Called back from retirement at 52 to carry the central character of the first and third acts, Ferri is a commanding presence on stage, her dark hair and eyes and beautifully expressive body embodying the melancholy of Clarissa Dalloway, the eponymous upper-class housewife from what is arguably Woolf’s most famous work. It is clear, however, that the ballet is as much about the characters as the author herself, as we feel her presence shift in and out of Clarissa, weaving her personal narrative into her heroine. In the third act when Ferri returns, she is Woolf herself, both an outsider and participant to her own story as she dances around her struggles with mental illness and eventual suicide. Ferri delivers a performance that is both technically superb and intensely emotional, lending a deep sincerity to McGregor’s choreography.

The first act follows the narrative of _Mrs Dalloway _closely, and it is possible to identify the heroine dancing with her husband while observing her younger self. The stage is anchored by three large wooden frames that the characters dance in and out of, gliding through the past and present, through fiction and reality. In a parallel world, mentally disturbed war veteran Septimus, played by a captivating Edward Watson, tries to free himself from his own shell-shocked mind while holding on to his wife, who is all that is left of his tenuous link to reality. It is a sparse act, with not more than five dancers on stage at any one time, but the result is an intensely affecting one, helped by Max Richter’s beautifully flowing score.

It is unfortunate that the three acts were not more connected to each other – it seemed instead like three separate mini ballet performances. After the very moving first act, the second, supposedly based on Orlando, came as a surprise, with laser beams slicing through space and time and troops of androgynous dancers marching up and down the stage in golden bodysuits complete with ruffs and tutus. It was more of an impression of Orlando’s time-travelling narrative and gender fluidity, rather than a faithful interpretation. McGregor, known precisely for such post-modern takes on ballet, seemed to use energetic movements both individually and collectively to capture the relentless pace of the novel. While interesting at first, the act got repetitive quickly, and seemed to try too hard to be avant-garde. All the fancy embellishments only distracted from the dancers themselves. At times, the score here also bordered on unpleasant, with whirring electronic notes and techno beats that, together with the flashing neon beams made the theatre feel like a giant club.

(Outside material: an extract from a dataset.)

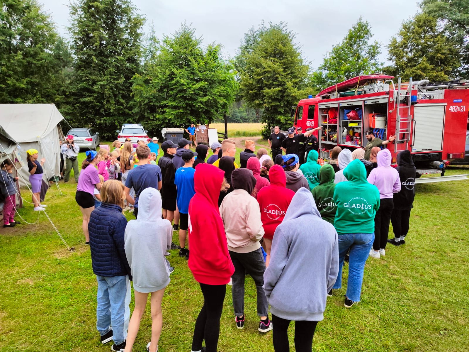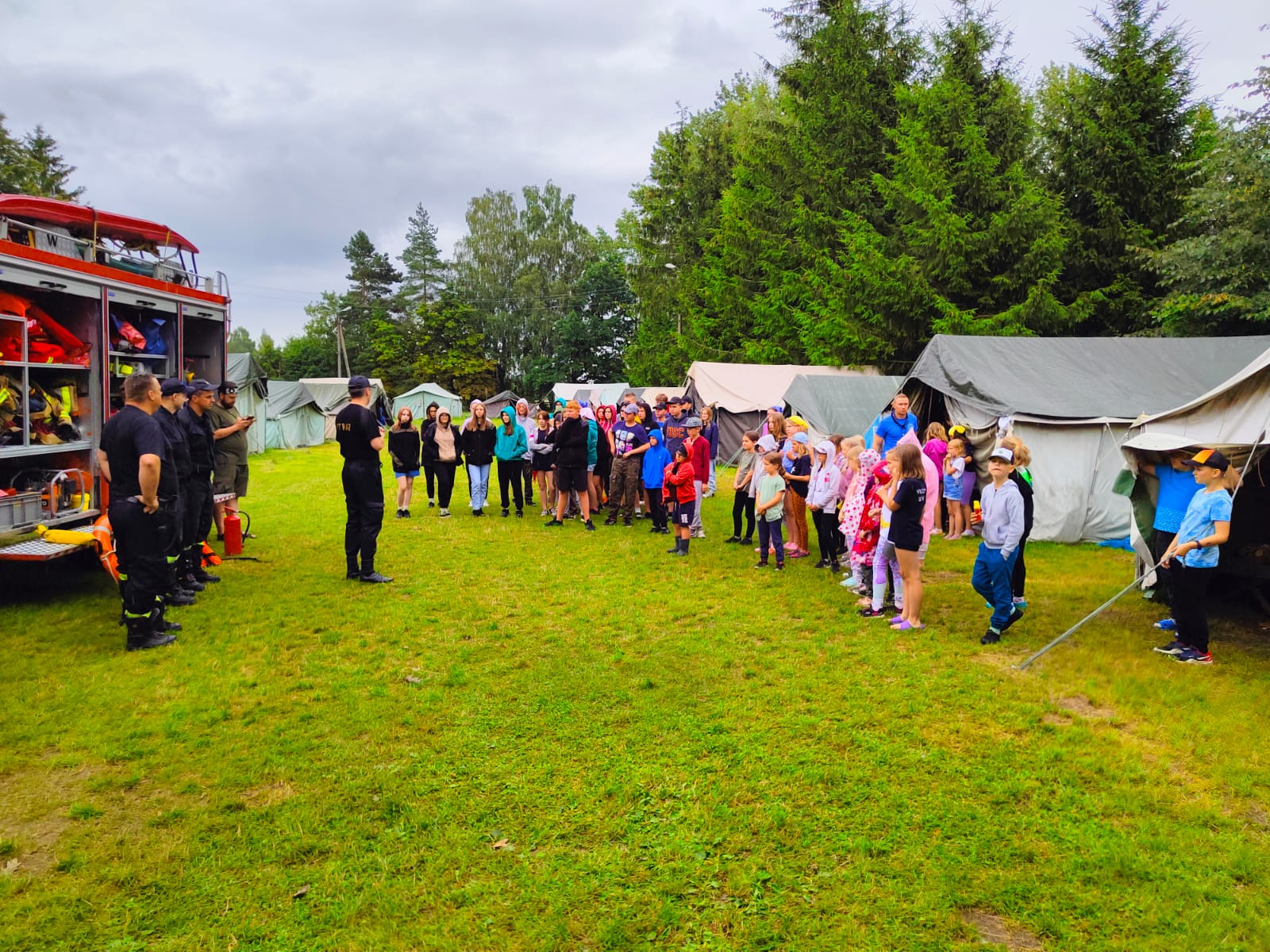 Realizując działania edukacyjne w ramach prewencji społecznej, strażacy PSP przeprowadzili również pogadankę dotyczącą zasad bezpieczeństwa podczas letniego wypoczynku nad wodą i w lesie, omówili zasady postępowania na wypadek powstania pożaru lub innego miejscowego zagrożenia na terenie obozu ze szczególnym uwzględnieniem niebezpiecznych zjawisk atmosferycznych, użycia podręcznego sprzętu gaśniczego i alarmowania służb przy wykorzystaniu numeru alarmowego 112. Zaprezentowano i omówiono również sprzęt znajdujący się na wyposażeniu wozu bojowego Posterunku JRG Sokółka w Dąbrowie Białostockiej.

The Waves is one of Woolf’s most experimental novels, revolving around the narratives of its six characters from childhood till old age, exploring their individual stories but also their collective experience of life. Weaving in Woolf’s own story into this act was apt, I felt, especially since the novel was said to be inspired by the lives of those around her. The act begins with a poignant reading of Woolf’s suicide note, as a slow-motion movie of waves crashing onto the shore plays atmospherically in the background throughout. Young dancers blended in with older ones, creating a fabric of the journey of life, moving across the stage like the motion of the tide. Ferri’s Woolf occasionally joins in their dance, and even dances with the characters, but mostly we feel her troubled presence being tossed around the human waves around her, as she decides, eventually, to drown herself, just like the character Rhoda in her story.

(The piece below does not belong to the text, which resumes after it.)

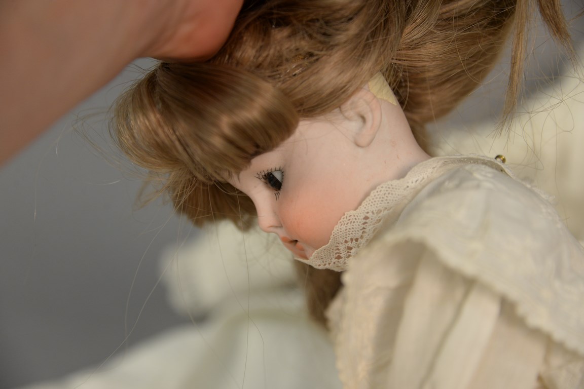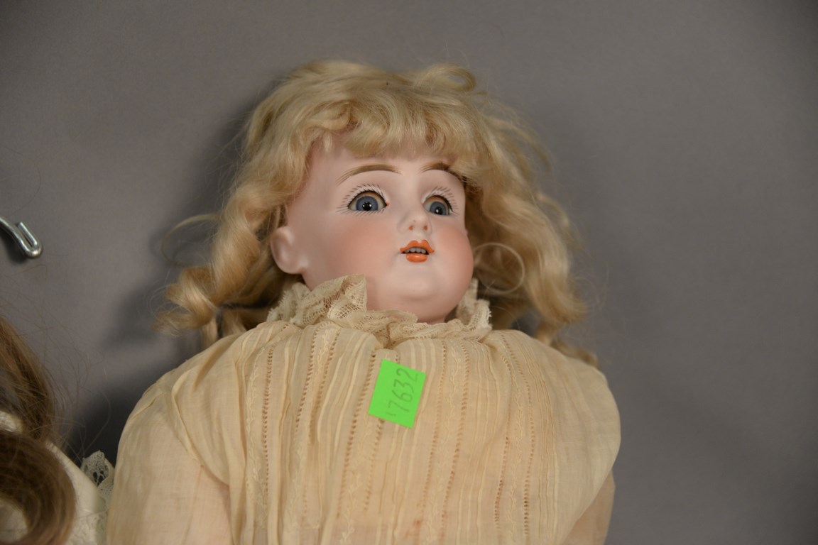 Two bisque head dolls, 19th century. ht. 13 in. & 18 in.

Woolf was known as a literary innovator of her time, part of the influential Bloomsbury group of artists and intellectuals. The three stories chosen in this ballet were all radical in their own way, whether it was the all-in-a-day stream of consciousness narrative of Mrs Dalloway, the gender non-conforming and time-travelling Orlando, or the interwoven narratives of The Waves. In a way, the unconventionality of Woolf Works captures this spirit of challenging boundaries with its interesting use of words, recordings, movies, sets, and lighting. Ballet is also a very technically demanding art form requiring precision, which makes it a fascinating medium to experiment with freedom and originality within structure.

An enjoyable, albeit long, performance with an interesting take on the author and her works, Woolf Works indeed has moments of brilliance, but it still has some way to go in being tastefully experimental without overwhelming the senses with attention-seeking gimmicks.

Woolf Works is on at the Royal Opera House until 26th May. Tickets from £4. Available online.